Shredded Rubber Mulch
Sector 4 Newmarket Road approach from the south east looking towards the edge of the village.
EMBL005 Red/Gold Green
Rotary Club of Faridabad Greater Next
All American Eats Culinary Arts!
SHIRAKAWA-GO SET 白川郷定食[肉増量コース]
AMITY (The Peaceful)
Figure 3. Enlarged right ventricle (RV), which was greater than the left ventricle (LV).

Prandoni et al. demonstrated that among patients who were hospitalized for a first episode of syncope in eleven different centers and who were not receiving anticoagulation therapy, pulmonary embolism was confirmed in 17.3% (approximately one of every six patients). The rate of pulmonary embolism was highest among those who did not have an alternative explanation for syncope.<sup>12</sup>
::::::
* [Exercise brief]
Only the lines from the line with "Figure 3. Enlarged" to the final line of the entries are to be returned, each exactly as written, both ends included.

* [Your response]
Figure 3. Enlarged right ventricle (RV), which was greater than the left ventricle (LV).

Prandoni et al. demonstrated that among patients who were hospitalized for a first episode of syncope in eleven different centers and who were not receiving anticoagulation therapy, pulmonary embolism was confirmed in 17.3% (approximately one of every six patients). The rate of pulmonary embolism was highest among those who did not have an alternative explanation for syncope.<sup>12</sup>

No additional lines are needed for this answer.